The ECB meeting is scheduled for Thursday.
Following Marchionne’s departure, shares of Ferrari NV RACE, -4.88% lost 4.9%, Fiat Chrysler Automobiles FCA, -1.50% closed down 1.5%, Exor NV EXO, -3.25% ended 3.3% lower, and CNH Industrial NV CNHI, -1.70% shed 1.3%.
Ryanair Holdings PLC RY4C, -6.75% closed down 6.7% after the airline posted a 20% decline in first-quarter profit to €319 million as the company said profit was hurt in part by higher oil prices and pilot strikes.
“While we continue to actively engage with pilot and cabin crew unions across Europe, we expect further strikes over the peak summer period as we are not prepared to concede to unreasonable demands that will compromise either our low fares or our highly efficient model,” said Ryanair in its earnings report.
Atos SE shares ATO, -6.74% ended the day 6.7% lower after the French information-technology services company reached a $3.4 billion deal to buy U.S.-based Syntel Inc.
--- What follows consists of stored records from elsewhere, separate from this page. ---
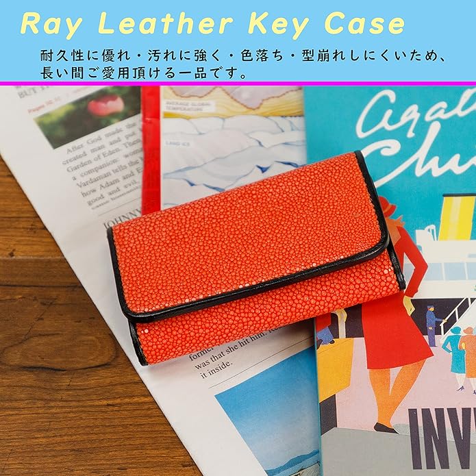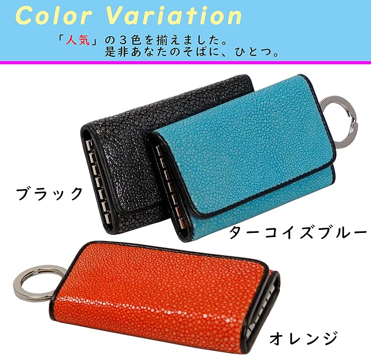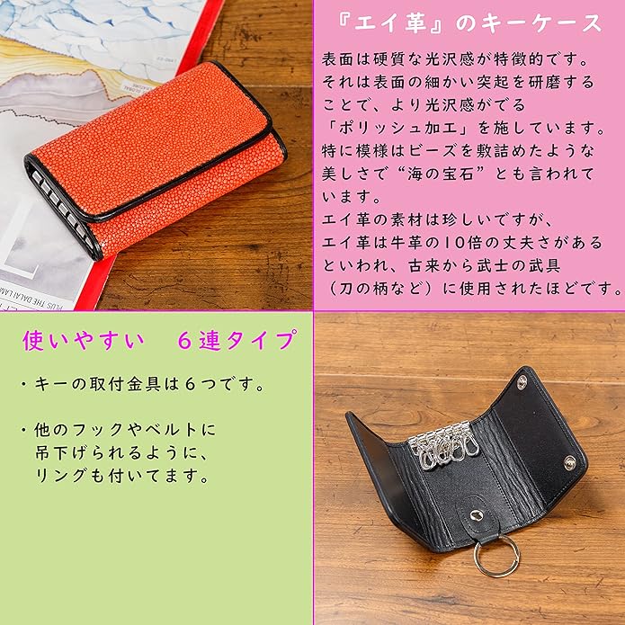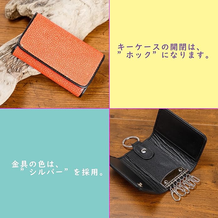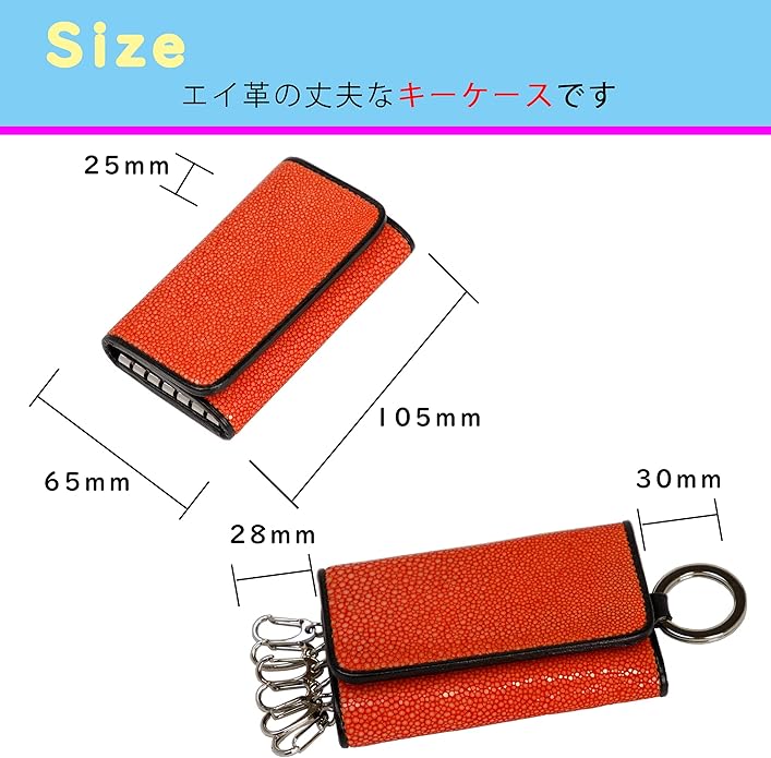 【素材】ガルーシャレザー(エイ革) 【サイズ】H 65mm W 105mm D 25mm 【重さ】約90g 【金具】6連タイプ
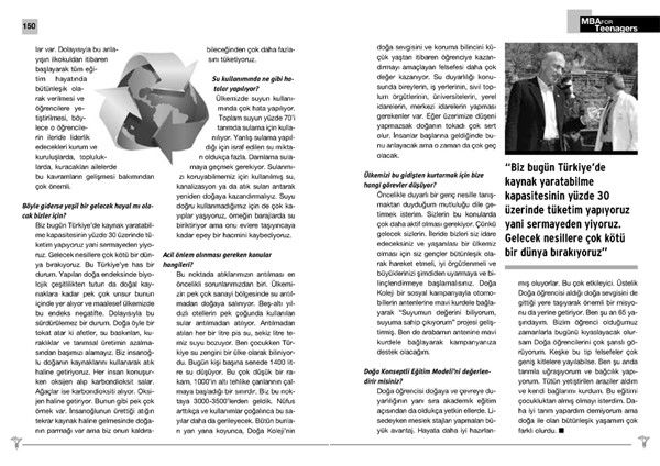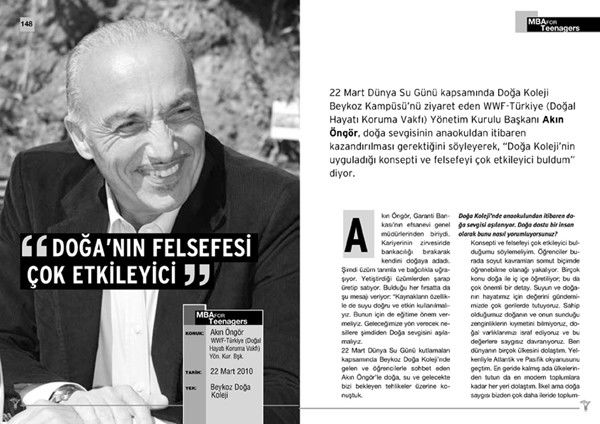 Doğa Koleji’nde uygulanan t-MBA Modeli, öğrencileri geleceğe hazırlıyor. Bu çerçevede öğrenciler, mesleklerinde başarıya ulaşmış insanlarla bir araya gelip söyleşiyor. Bu toplantı ve buluşmalar, Tetra İletişim tarafından izlenip kayıt altına alınıyor. Yıl sonunda tüm konular, bir kitapta toplanıyor. Akın Öngör’le Doğa öğrencilerinin buluşması 2009 -2010 eğitim döneminde gerçekleşti. Buluşma, Türkşan Karatekin tarafından izlendi ve Cihan Aldık tarafından fotoğraflandı. Konunun ve kitabın editörlüğünü Türkşan Karatekin yaptı. Kitap tasarımı ve uygulaması ise Didem İncesağır’a ait.
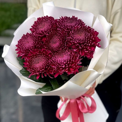 Букет "Винная легенда" из 7 хризантем Бигоуди
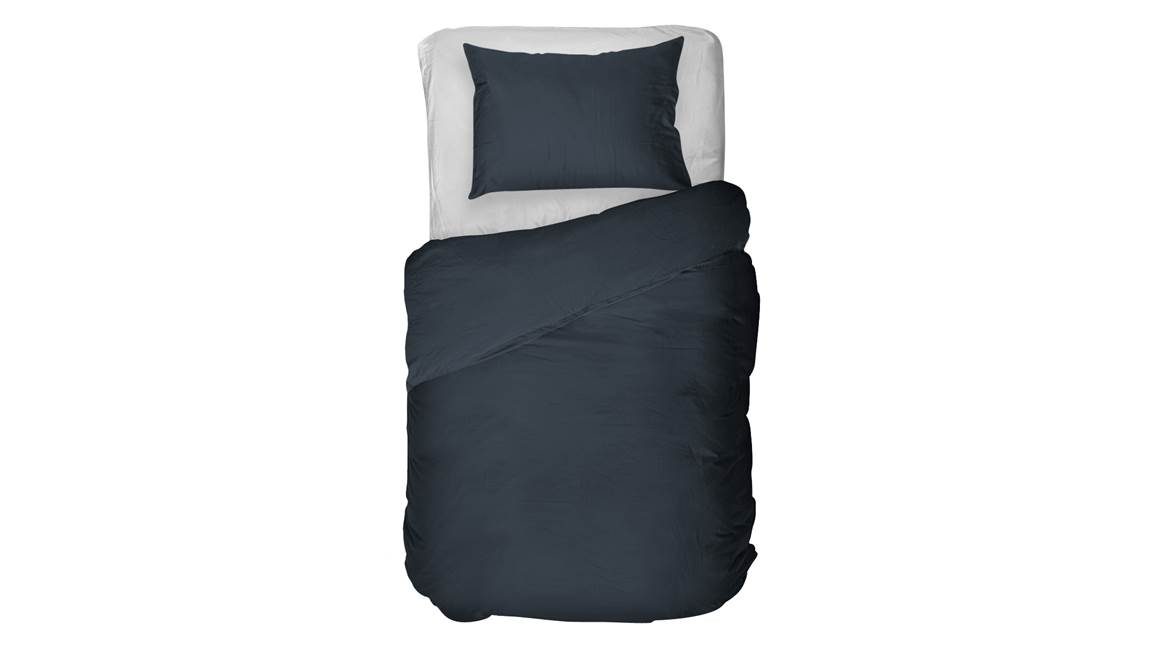 La housse de couette Kai de Kayori au coloris Bleu marine réveille une ambiance feutrée et cosy. Sa couleur profonde et rassurante s’immisce dans la chambre avec beaucoup d’élégance et de modernité. Les taies d’oreiller rectangulaires (comprises) mesurent 60x70 cm.
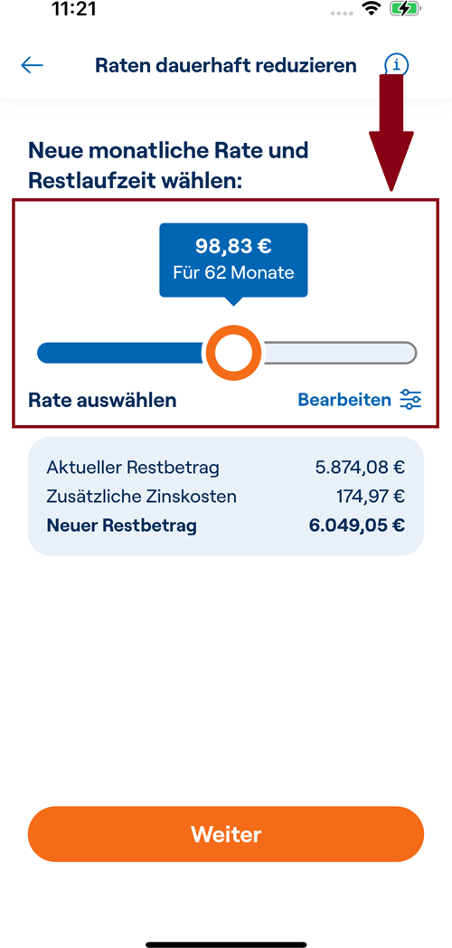 5. Dauer (und bei Reduzierung den gewünschten Ratenbetrag) wählen
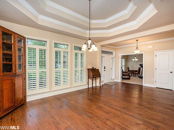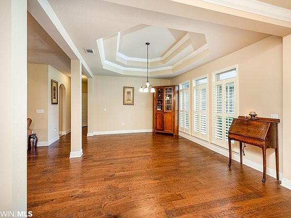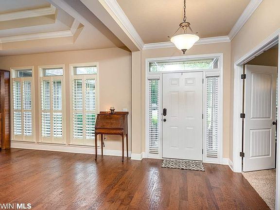 GORGEOUS CUL-DE-SAC HOME IN BEAUTIFUL CAMBRIDGE PARKE! 100% PRISTINE CONDITION! The virtual tour is a must see. Lushly landscaped lot, glorious flowering shrubs, fruit trees, raised bed garden, partially fenced & backs to a stocked pond. It doesn't get better than this! Gold Fortified resale with low insurance rates. Upon entry from the slate tiled front porch, you will note the modern open floor plan with gleaming hardwoods in entry foyer, great room and dining room. Multi-dimensional 9, 10, & 11' ceilings with upgraded trim, plantation shutters, gas log/wood-burning fireplace. Incredible master with luxury bath, high ceilings and tons of crown. Granite counters throughout kitchen & all baths. Upgraded textured tile in all wet areas and on the huge 26.9 x 12' screened back porch over looking the peaceful back yard and pond. Sited next to a heavily wooded common area where no home will be built giving you highly desirable privacy. Outstanding office/den which could be 5th BR. Adorable He/She Shed for all your yard equipment! Gutters, fabric hurricane shields, no flood insurance required, and so convenient to S Baldwin Hospital & medical offices, great shopping & dining, OWA & quaint downtown Foley park, all make this home an incredible find. The finest of one level living in a serene setting. Upgrades galore & lovingly maintained. SURE TO PLEASE!!
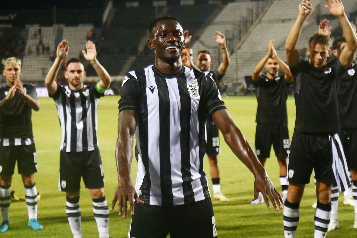 Ο Μαντί Καμαρά πανηγυρίζει τη νίκη του ΠΑΟΚ επί της Μπόρατς Μπάνια Λούκα

Atos also said Monday first-quarter revenue rose slightly, to 2.95 billion euros ($3.6 billion), on 2% organic growth.
Julius Baer Group AG BAER, -4.01% closed down 4% after the Swiss bank posted a rise in first-half net profit but said clients are taking heed of mounting trade tensions.
“Markets had a strong and upbeat start to the year but ended the first half on a more cautious note, pondering the potential impacts of trade tensions and of an impending end to quantitative easing,” Chief Executive Bernhard Hodler said in a statement.
Ocado Group PLC OCDO, +5.54% , a British online grocery service and platform-technology provider, topped advancers on the Stoxx 600 and closed Monday trading 5.5% higher.